On stage her natural presence, huge charisma, irrepressible energy and joie de vivre is very much in evidence. Yet it’s her voice that holds you spellbound. “Here in Mali, everyone knows the way instruments sound naturally. And singing, for me, is a natural truth. I’ve always known how to manipulate my voice. It’s still the same after twenty years, even if I’ve often sung too much in my life, sometimes going on tour for two or three months without a break.”

Oumou’s latest album “Seya”,(Joy) released in 2009,has taken around two or three years to come to fruition. “I choose my songs very carefully. I learn how to put them across first on the stage.” Her music is bold, seductive, funky and vibrant, but it’s her lyrics that open people’s eyes. “For me, the lyrics are more important than the melody. I write almost all my own words. I also perform the classics of Malian tradition. I draw a lot of inspiration from what happens in society. As soon as I see or feel something, I write it down. I say what I want, and what I think, because I am a free woman.
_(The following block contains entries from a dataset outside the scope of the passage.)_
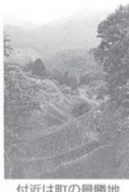
付近は町の景勝地
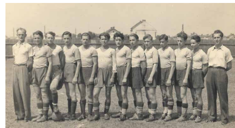
TJ Sokol, oddíl kopané v roce 1942.

Restrikce, zákazy, tlak, strach, nedostatek byly každodenními společníky místních obyvatel. Horka byla osvobozena až v posledních hodinách druhé světové války v Evropě. Ještě 8. května zde probíhal boj mezi jednotkami Rudé armády a ustupujícími německými vojáky. Jako připomínka 2. světové války byl postaven památník osvobození, který byl slavnostně odhalen 12. května 1946. Současně je to také pomník obětí I. a II. světové války z řad horeckých občanů.
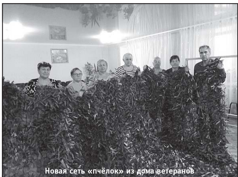
Новая сеть «пчелок» из дома ветеранов
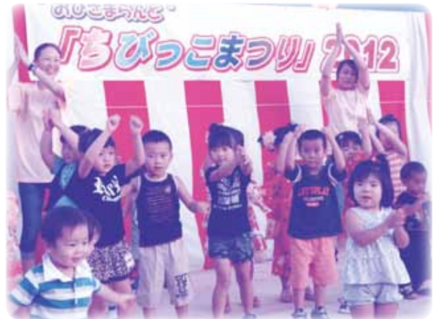
みんな、たいへんよくできました♪(パチパチ)

昨年度、雨に振り回されたこのまつりも、今年は天候にも恵まれ予定通り開催することができました。
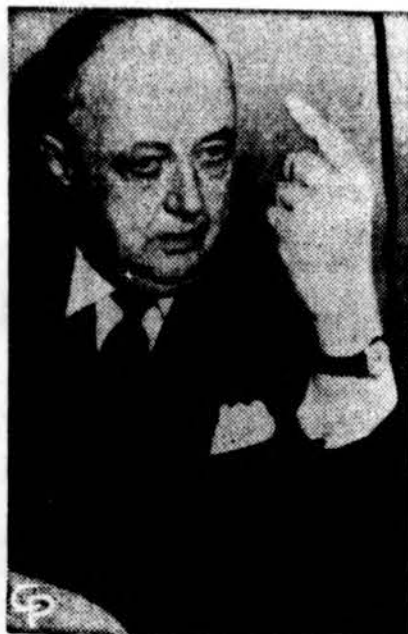
Prancūzijos užsienio reikalų ministeris Pineau atvyko į Ameriką aiškintis dėl Tuniso.

Chicagoje ir jos apylinkėse šiandien truputį šilčiau. Temperatūra arti 40 l. Vėjas ligi 15 mylių per valandą.
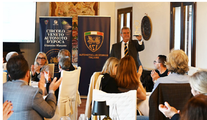
Il Premio "Best in Classic" 2023 vinto dal CVAE!
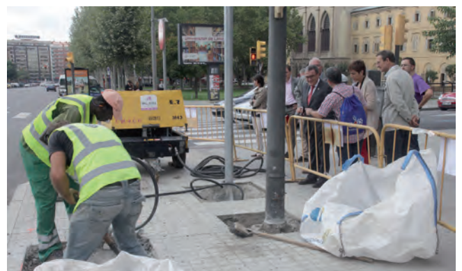
Obres per adequar un carril bici a la Rambla d'Aragó.

a la Rambla d'Aragó i Lluís Companys, la millora de la connexió del barri del Secà de Sant Pere amb Balàfia a través de l'avinguda de Torre Vicenç, la millora i l'ampliació del carril bici a l'avinguda Estudi General aprofitant la reurbanització d'aquest vial, i la implantació de carril bici a l'avinguda de València. •••
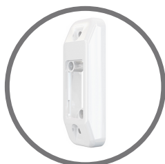
BRACKET E-4 Base
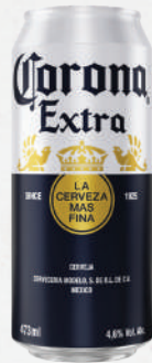
Cerveja Corona 473ml - cada 5,99
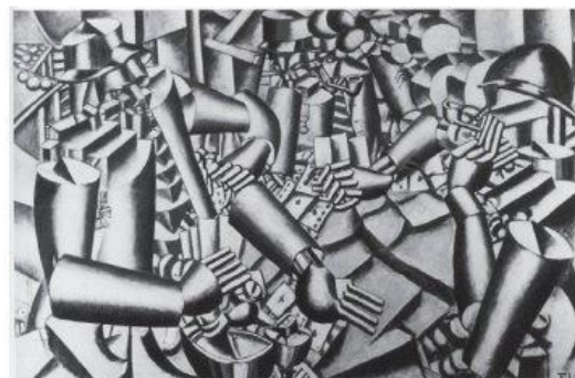
LÉGER, F. Soldados jogando cartas. 1917. FARTHING, S. Coleção Grandes Artistas. Rio de Janeiro: Sextante, 2009.

3 - 1. Nós queremos cantar o amor ao perigo, o hábito da energia e da temeridade. 2. A coragem, a audácia, a rebelião serão elementos essenciais de nossa poesia. 3. A literatura exaltou até hoje a imobilidade pensativa, o êxtase, o sono. Nós queremos exaltar o movimento agressivo, a insônia febril, o passo de corrida, o salto mortal, o bofetão e o soco.
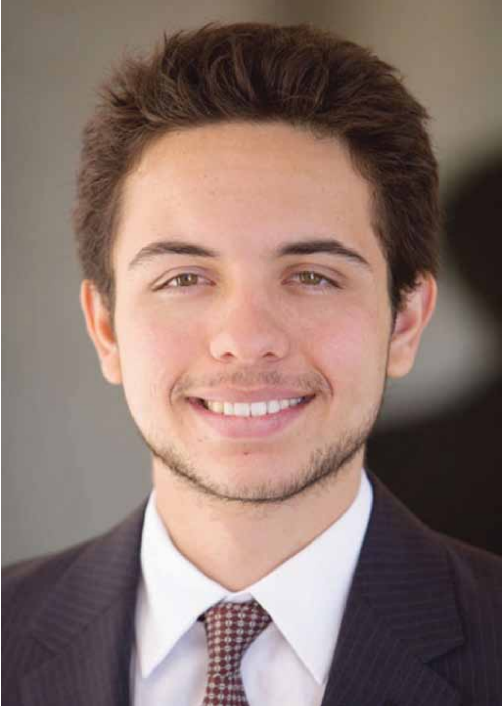
حضرة صاحب السمو الملكي الأمير الحسين بن عبدالله الثاني المعظم ولي العهد
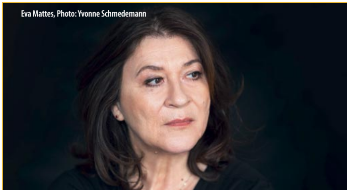
Eva Mattes
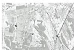
zgierz1.png 714 KB

oraz https://ekologiczna-lodz.blogspot.com/
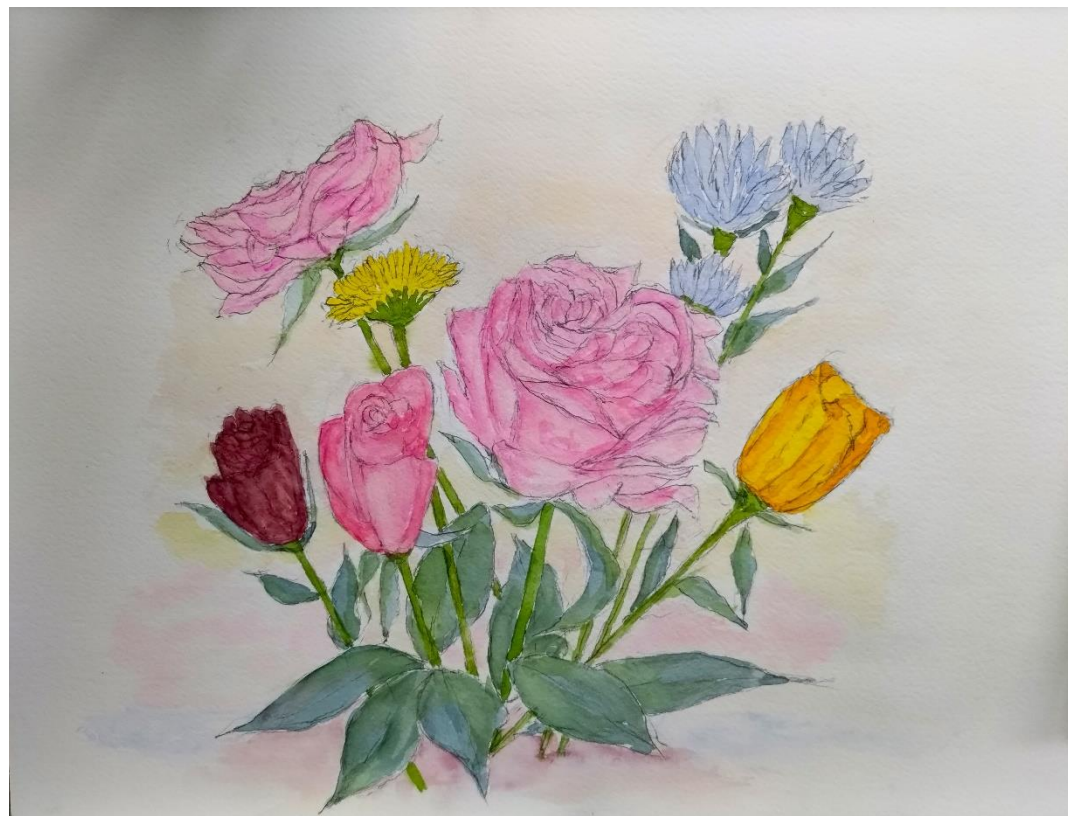
黒田重雄さんの作品
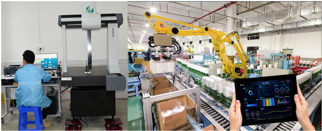
图 1 岗位任务
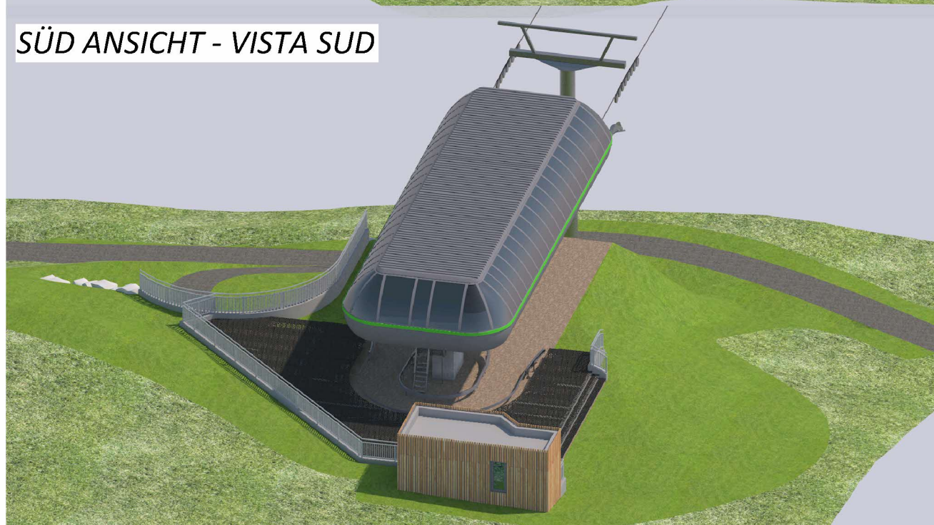
SÜD ANSICHT - VISTA SUD
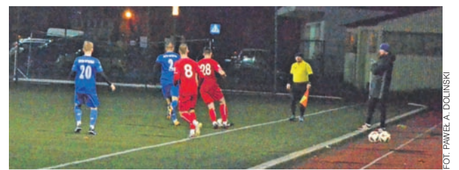
Zryw Wygoda w pierwszej połowie prowadził 1:0, gorzej było po przerwie.
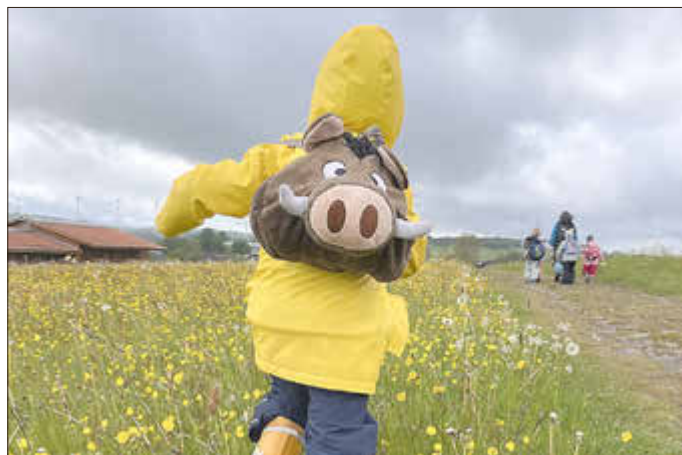
Das Eichhörnchen-Team Lesen Sie bitte weiter auf Seite 10.
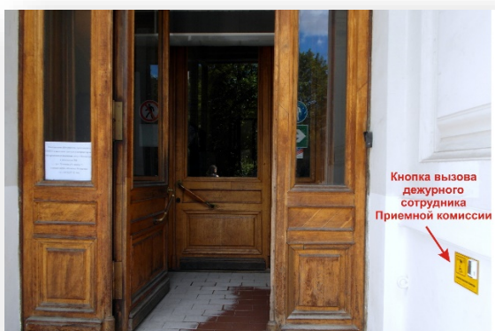
Вход в Главный учебный корпус

11. Приемная комиссия СПбПУ в период летней приемной кампании работает и ведет прием документов от поступающих в университет в Главном учебном корпусе (ГУК) . Для беспрепятственного доступа абитуриентов с ограниченными возможностями здоровья, имеющих нарушения опорно-двигательного аппарата, инвалидов-колясочников на стене справа от входа в ГУК размещена кнопка вызова дежурных сотрудников приемной комиссии. Волонтеры из приемной комиссии окажут помощь малоподвижной категории абитуриентов с нарушения опорно-двигательного аппарата для проезда на коляске внутрь Главного учебного корпуса, в фойе которого располагается Информационный центр приемной комиссии. Ответственные сотрудники Приемной комиссии непосредственно в помещении Информационного центра на первом этаже ГУК окажут абитуриентам с ограниченными возможностями здоровья, имеющим нарушения опорно-двигательного аппарата, консультативную и иную помощь по оформлению и подаче документов в СПбПУ.

I believe that my music has had an impact on the life of African women.” “It’s true that when I sing it’s joyful but in amongst that joy I always take the opportunity to slip in messages that educate my nation.”

Oumou continues the battle to encourage equality between men and women and sings about universal themes in life such as love, death, destiny, respect for each other, hope and harmony, not forgetting a couple of light-hearted tunes about the fun things in life. “The track ‘Seya’ is about a girl who has a good time. She brings joy. It’s dedicated to my tailors and my stylists and those that dye the cloth. I wanted to show the courage of Malian women. They radiate every colour on this earth. I go to them for my hand-printed outfits in ‘bazin’ and ‘tissu wax’ fabrics. I give a lot of my clothes away, I don’t keep them.” Which explains why you hardly ever see Oumou in the same outfit twice.

Standing almost six foot tall, she is an elegant and feminine woman, sure of her taste and with a huge love of fashion. In one day, Oumou might change her look several times. She delights in surprising people, one moment the American R&B star, the next a dynamic businesswoman, or then again a real Malian diva in her traditional boubou. She bursts out laughing. “I possess the art of metamorphosis. In a boubou or in jeans, I’m unrecognisable.”

An icon and role model for modern women she is both keen to encourage and embrace new ideas through her music whilst at the time she holds a deep respect for tradition and those who came before her. In the late 1990s she sought out the reclusive Wassoulou music innovator Alatta Brouleye. It was Brouleye who provided the instrument that propelled Wassoulou music to its initial urban popularity with his creation of the kamelngoni in the 1960s. The instrument was an adaptation of the traditional donso ngoni and it became known as the youth's harp because of its popularity with the young and such was its break with tradition that it was initially banned in Wassoulou villages by the elder hunters. Oumou managed to persuade Brouleye into a Bamako studio in 1998 to record his only cassette shortly before he died. On the track 'Donso' on her latest album 'Seya' she uses the traditional donso ngoni in a song that pays tribute to her father with whom she was finally reconciled in 2002 on his return to Bamako.

Oumou is an artist who is proud of her country and its diverse cultures, now recognised and appreciated throughout the world. “Mali is a country of oral tradition, which explains why music and society here are part of each other. The 32 different ethnic groups here each have their own well-developed culture. They don’t need each other to make good music, even though cross-fertilisation is always good. There should still be a lot more recognition for Malian music. I deeply respect each individual artist in Mali. Our potential is incredible. Mali and its music embody the symbol of a free and victorious Africa.”